# The Insight ALT Festival May 28th-June 3rd, video webcast, Live from NYC



## cmb (Dec 20, 2006)

Sorry I haven't posted in awhile...

A festival of new operas in development at American Lyric Theater
(follow the link for detailed info)

Event: Insight ALT Festival

Venue: JCC Manhattan
Date/Time: May 28th-June 3rd, 2013
(check each event for starting times)
http://operamusicbroadcast.com/2013/05/23/the-insight-alt-festival-may-28th-june-3rd-video-webcast-live-from-nyc/

Starting May 28th at 7pm EST, operamusicbroadcast.com will present a live webcast of the InsightALT Festival a new festival of readings and symposia that offers an intimate, inside look into American Lyric Theater's process of creating new creating new operas at all stages of their development .

Public readings of three new operas at different stages of their development will be at the center of the 2013 festival. After each opera, there will be an open discussion exploring the creative process with the composers and librettists, moderated by ALT's Producing Artistic Director, Lawrence Edelson. Following these discussions, audience members are invited to join the writers and performers at meet-the-artist receptions, generously sponsored by Dalton Winery and Teperberg Winery, provided by Gotham Wines & Liquors. InsightALT will also offer the opportunity for the public to attend a master class with internationally renown soprano Catherine Malfitano on the challenge of creating roles in new operas, and to join together for symposia curated by Glyndebourne dramaturg and ALT principal faculty member Cori Ellison.

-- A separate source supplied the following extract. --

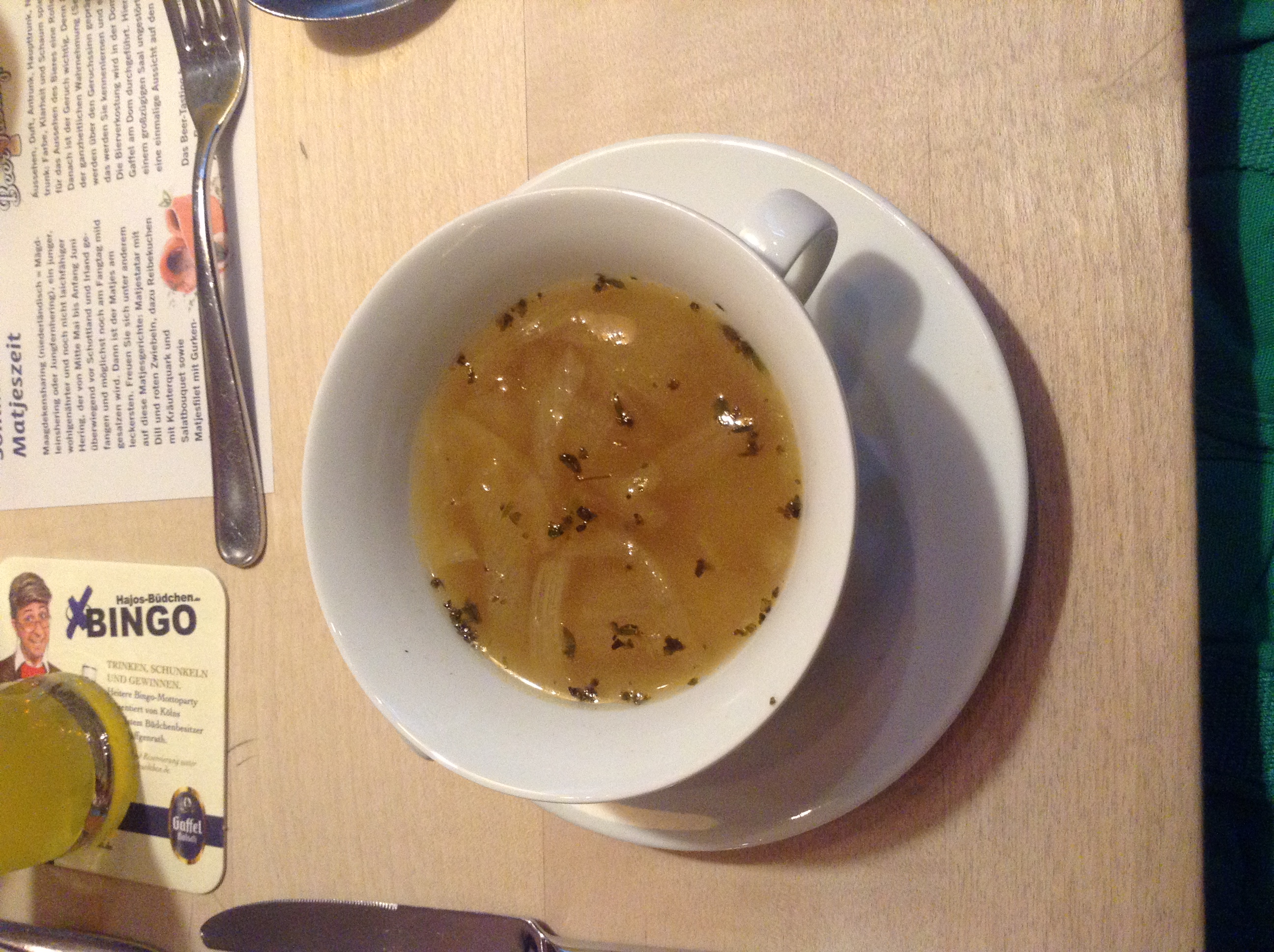 Dit was dus mijn voorgerecht. Uiensoep. Ik kreeg in eerste instantie de verkeerde versie, met brood erin. Maar dat werd aangepast. Het was zo lekker!

These events will be streamed live all week after which it will also be available for the next 90 days, only on operamusicbroadcast.com. Viewers can enjoy a look at the process of opera from collaboration through coaching and creation.


----------



## deggial (Jan 20, 2013)

sounds great


----------



## Cavaradossi (Aug 2, 2012)

GREAT timing. I just forwarded this to my significant other who is working on a new role for a recently composed opera about an incident from the Salvadoran Civil War.


----------



## dionisio (Jul 30, 2012)

This is great. Thanks for sharing.


----------